シャープが「AIoTショールーム」開設。AIoTによるスマートライフの実現を目指す

シャープは、AIoTを中心に同社のスマートライフ事業におけるこれまでの取り組みと、今後の展望についてメディア向けに説明会を行なった。

「AIoT」とは、AIとIoTを組み合わせた同社の登録商標。使っていくうちに機器が学習し、ユーザーに合わせて最適化される点や、インターネットに繋がる点を特徴とする。同社はAIoTについて「人に寄り添うIoT」、「もう一人の家族のような存在」としている。

AIoTによって、家電を使っていくうちにユーザーに最適化される

例えば、使う人の好みや習慣に合わせたメニューを提案したり、購入後にも新たに使える機能を増やしたりといったことが可能で、機器同士を連携させて一括操作することもできる。

2016年よりAIoT家電の推進に取り組んできた同社では現在、12カテゴリ、685機種の家電にAIoTを搭載。大阪府八尾市の事業所にはこれらの最新家電を体感できる「AIoTショールーム」も開設した。

八尾事業所にAIoTショールーム開設

同社はAIoTによる白物家電と事業の変革を重点戦略に掲げ、AIoTでスマートライフを実現することを目指すという。

第一に、AIoTとプラズマクラスターなどの独自技術、製品デザインを組み合わせることで、新たな製品の創出とソリューション事業の融合、クラウドサービス事業への参入を進める。キッチン分野では、製品のカラーや素材、仕上げに統一感を持たせ、ユーザーがトータルコーディネートできるようにし、同社製品で揃えることによって複数の家電連携、「つながるAIoT家電」の体験価値向上を図るとする。

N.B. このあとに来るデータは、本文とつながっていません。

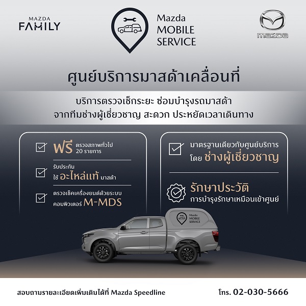 นอกจากนี้ มาสด้ายังได้ยกระดับประสบการณ์ด้านการบริการ ด้วย “MAZDA MOBILE SERVICE” หรือศูนย์บริการมาสด้าเคลื่อนที่ เพื่อเพิ่มความสะดวกให้กับลูกค้าในการเข้ารับบริการเช็กตามระยะและซ่อมบำรุงรักษา โดยทีมช่างเทคนิคผู้เชี่ยวชาญจากศูนย์บริการฯ จะเดินทางไปอำนวยความสะดวกและให้บริการตรวจเช็กระยะในพื้นที่หรือจังหวัดที่ลูกค้าต้องเดินทางไกลหรือไม่สะดวกเดินทาง ซึ่งลูกค้าสามารถติดตามข่าวสารได้จากโชว์รูมมาสด้าในพื้นที่หรือในจังหวัดใกล้เคียง เพื่อทำนัดหมายเพื่อเข้ารับบริการ ทั้งนี้ ลูกค้าที่เข้ารับบริการจากศูนย์บริการมาสด้าเคลื่อนที่จะได้รับการบริการตรวจเช็กสภาพทั่วไป ฟรี 20 รายการ ตรวจเช็กเครื่องยนต์ด้วยระบบคอมพิวเตอร์ M-MDS รับประกันอะไหล่แท้จากมาสด้า โดยลงประวัติการบำรุงรักษาเช่นเดียวกับการเข้าศูนย์บริการตามปกติ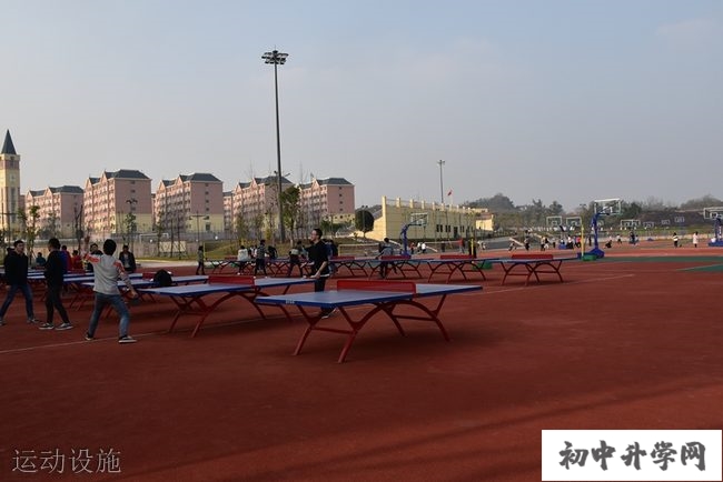 学校配备学校配备图书馆,理化生实验室,微机室,电子阅览室;校园内有完善的校园网、学生电视台;宿舍为标准四人间公寓,配备空调、淋浴;学校教室均安有空调;校内有平价超市;配备400米标准跑道、乒乓球场、篮球场、羽毛球场。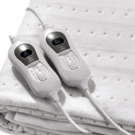 Chauffage électrique DUO réglable de la série BIENESTAR en blanc, pour lits doubles. Fabriqué en matière textile très confortable et agréable au toucher qui aide à se détendre. Il a une puissance de 120 watts, pouvant ajuster la température avec deux contrôleurs, idéal pour deux personnes et maintenir les deux zones de lit séparées avec 3 niveaux de chaleur, chacun peut augmenter ou diminuer sa température optimale sans déranger votre partenaire.
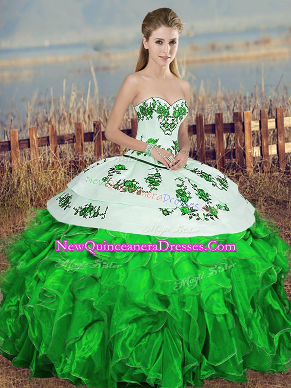 Designer Green Sweet 16 Quinceanera Dress Military Ball and Sweet 16 and Quinceanera with Embroidery and Ruffles and Bowknot Sweetheart Sleeveless Lace Up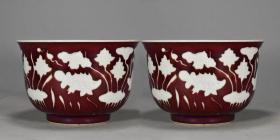 大明宣德年制 霁红釉蒲白雕刻鱼穿莲花碗 高11厘米 直径16厘米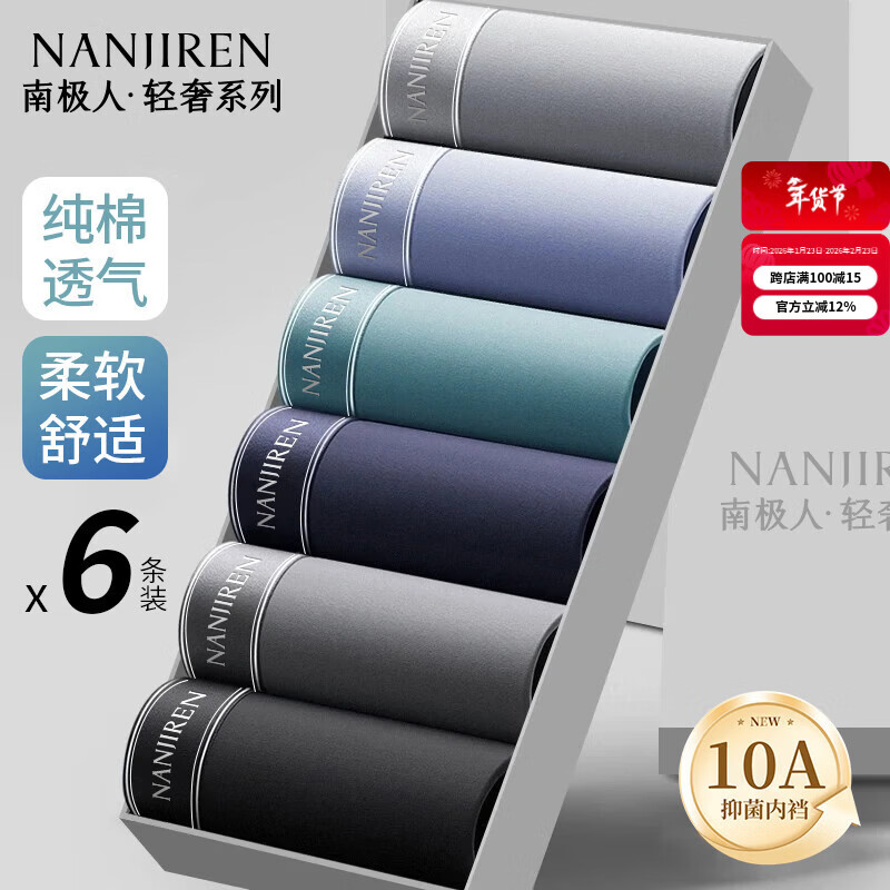 南极人10A抑菌内裤男士纯棉平角短裤头男生大码透气四角裤2025新款XL

家電のトータルコーディネート、さらに機器同士の連携まで可能にする

次に、AIoTによってビジネスシーンの課題を解決するため、BtoBソリューション事業を強化。具体例として、同社開発の耳にかけて「噛む」回数などを計測する咀嚼計「bitescan(バイトスキャン)」は、大学の研究や食品メーカーなどで活用されているという。また月経管理アプリと収納ケースを組み合わせた「生理用品IoT収納ケース」などを通じてフェムテック分野にも展開していく。

AIoTを活用したBtoBソリューション事業も強化

そして、台湾や米国をはじめとしたグローバル事業も拡大していく。台湾では2022年度よりAIoT家電を本格的に導入開始。米国では2020年から、ビルトイン家電を中心としたスマートキッチンを展開している。音声操作が可能なオーブンレンジなども扱っており、Sharp Electronics Corporation 家電本部長のジム・サンダスキー氏によると、シャープは「北米でキッチン家電一式を販売する唯一のメーカーになりつつある」という。

台湾には2022年度からAIoT家電を導入
米国では音声操作ができるオーブンレンジなども展開

同社はこれらの事業戦略を通じて、2024年には現在5割の国内AIoT家電のネット接続率を8割以上に、AIoT対応の白物家電販売金額構成比を国内7割以上(現在3割)、欧米/中国/台湾では5割以上に伸長させることを目標に掲げている。